President Samia Suluhu Hassan yesterday formally inaugurated the project, acknowledging that the targeted zone does not have many water sources. “It is therefore good to hear that the project can yield more than 51.6m litres per day, providing the essential commodity to thousands of residents,” the president affirmed.
Laying the foundation stone for the triple district water project expected to provide 103m litres of water at highest capacity, he said that usually it is women and girls who suffer when water becomes scarce. ”We are now sure that school girls can now have ample time to study instead of trekking long distances for water,” she told the audience.
With former prime minister Cleopa Msuya in attendance, Regional Commissioner Nurdin Babu said the project initiated in 2014 had stalled for years until President Samia ordered its resumption and completion.

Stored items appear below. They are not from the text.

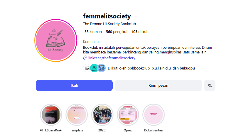 The Femme Lit Society adalah komunitas literasi yang hadir sebagai ruang hangat bagi perempuan untuk membaca, berdiskusi, dan menemukan suara diri. Fokus utamanya adalah mengeksplorasi buku-buku bertema perempuan serta karya inspiratif dari penulis perempuan, meskipun mereka tetap terbuka pada berbagai tema lain untuk memperluas wawasan. Di sini, setiap anggota diajak untuk saling menguatkan melalui pertukaran perspektif dan representasi perempuan dalam literasi.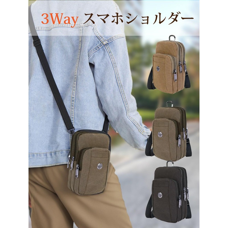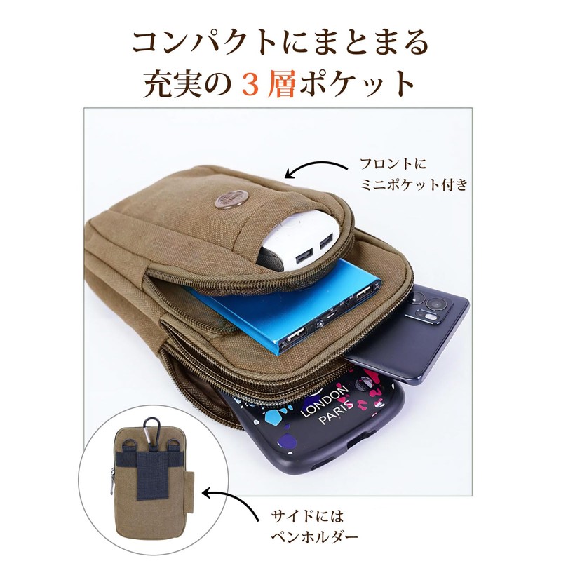 FairyPomu Men's Smartphone Pouch, Smartphone Shoulder, Waist Pouch, Belt Pouch, Shoulder Bag, Carabiner, Sacoche, Cross-Angled, Multifunctional, Compact, Black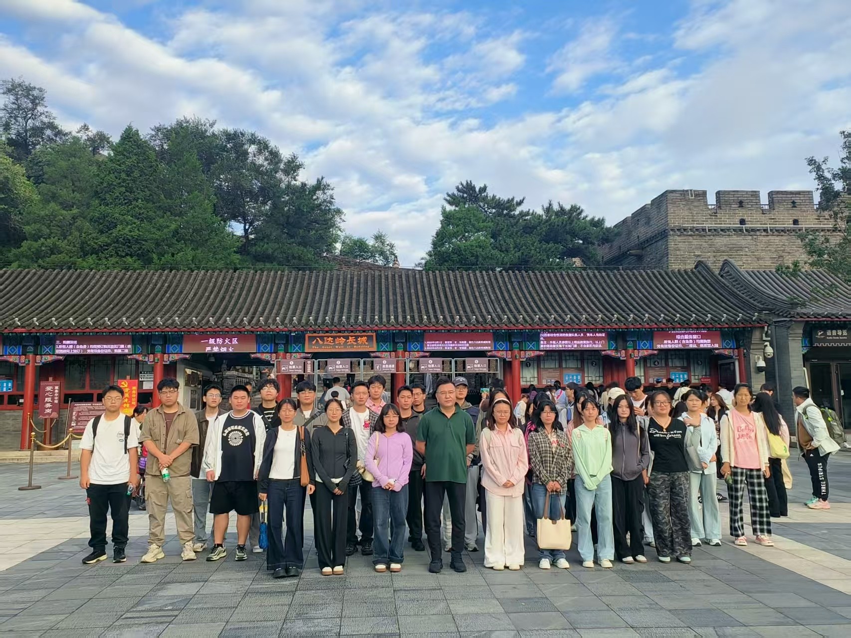 “不到长城非好汉”,8月24日上午前往八达岭长城,开展以“感悟长城精神,增强文化自信”为主题的实践考察活动。长城不仅是中国古代军事防御工程的奇迹,更是中华民族团结奋进、自强不息精神的象征,而散布在长城关隘、阁楼中的题刻与匾额,也成为书法艺术与民族精神融合的独特载体。当日清晨,站在长城之巅,远眺群山连绵、城墙如巨龙盘踞,学生们无不被眼前的雄伟景象所震撼。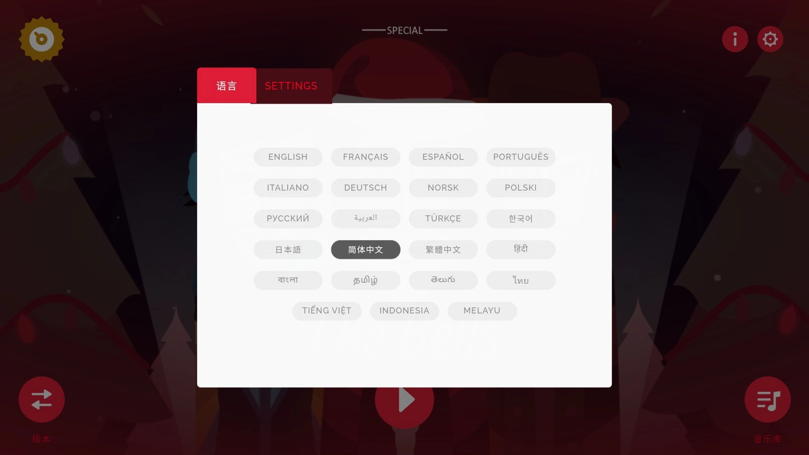 2、进入后就能看到语言切换选项,找到简体中文并点击就可以了。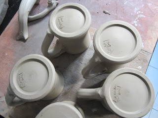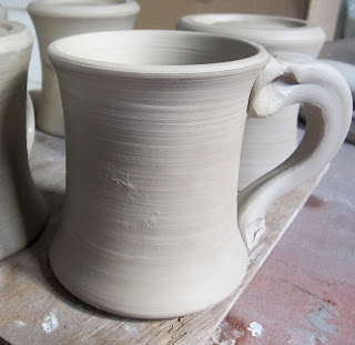 En plus, je sais que A. va les regarder et me dire, "Mais, tu arrives à mettre ta main là dedans ?!?" Hmm... Je vais quand même les laisse sécher. Je vais continuer à tourner des mugs et faire des anses, jusqu'à ce que je produise des anses jolies, confortables en main, et qui s'accordent avec leur mugs !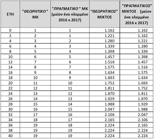 Η εικόνα που προκύπτει είναι αυτή που φαίνεται στον παρακάτω Πίνακα.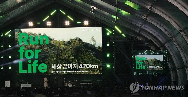 ▲ 울산울주세계산악영화제 폐막작 상영 (울산=연합뉴스) 장영은 기자 = 26∼30일 울산 울주군에서 열린 국내 유일 국제산악영화제인 제10회 울산울주세계산악영화제에서 폐막작 '세상 끝까지, 470km'가 상영되고 있다. 다큐멘터리 레바논 작품으로 딸을 치료하기 위해 울트라마라톤에 뛰어든 한 아버지의 가슴 따뜻한 사랑 이야기를 담았다. 2025.9.30 young@yna.co.kr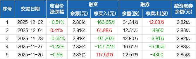 健友股份:融资净偿还163.65万元,融资余额2.8亿元(12-02)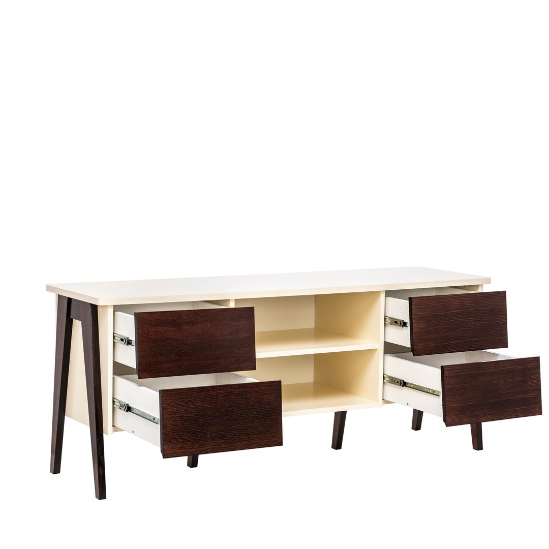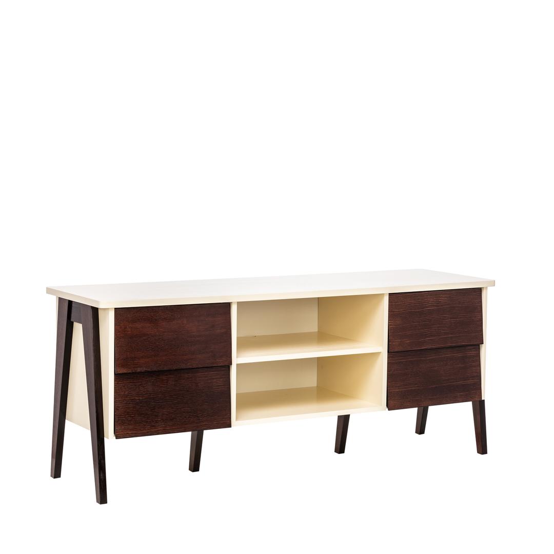 Акценты в новой модели ТВ-тумбы расставлены правильно – экологичные материалы, мягкий дизайн и прочный каркас. В основе продукта заложен принцип функциональности для комфортного ежедневного использования. Конструкцией предусмотрена открытая секция для техники с задней стенкой и вместительные ящики с плавным закрыванием.
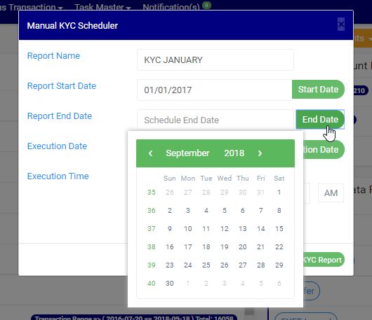 STEP 4: Click on the REPORT END DATE button to select the date ending the period for which you want to generate an ADRAPS KYC report from a calendar as shown in fig. 5.3f. The calendar works like the one in fig. 5.3e above.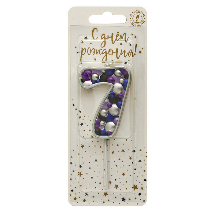 Свеча тортовая цифра 7 "Пузырьки" Серебро

The facility includes processing systems to supply clean and safe water to around 450,000 people in the semi-arid areas on the southerly reaches of Mount Kilimanjaro, with only its slopes having substantial amounts of rainfall and partially the Pare and Usambara mountain ranges.
Officials say the 4.6bn/- water project will enable local communities to increase farm production and boost food security from increased crop yields, with the water being pumped from the Kisangara booster station in Mwanga District.
The water is derived from ‘Nyumba ya Mungu’ dam, catering for nearly 40 villages in the bear and extended vicinities, where Mwanga and Same districts have 38 beneficiary villages and five villages mapped in Korogwe District.
The windswept Mwanga District plains and vast stretches of the leeward side of Same District have for years faced inadequate water supplies, with officials saying that the project capacity exceeds the 6m litres the two districts need at present.
So far over 150 kilometers of pipe network for water distribution have been laid out across Mwanga District, with an additional 35 kilometers of pipeline extended to the adjoining Same District, officials noted
Mwajuma Waziri, the Water permanent secretary, in the Ministry of Water stated earlier that the project solves the water supply problem in semi-arid low lands located in the western part of Pare Mountains, with the water project covering 37 villages and two small towns with a total population of 450,000.
Phase 1 of the project covered the construction of an intake, treatment, raw water pumping station, along with a clear water pumping station and storage tank at Kisangara station.
The Kisangara gravity main is the service reservoir to nine villages of Ruvu Mferejini, Ruvu, Jiungeni, Handeni, Lang’ata Bora, Lang’ata Kagongo, Nyabinda, Kirya and two others.
The second phase entails the construction of a water pumping station at Kisangara, storage tank at Kiverenge gravity main, and service reservoirs to 28 villages and two small towns.
The Kuwait Fund, the Saudi Fund for Development (SFD) and the OPEC Fund for International Development (OFID) assisted the project, he added.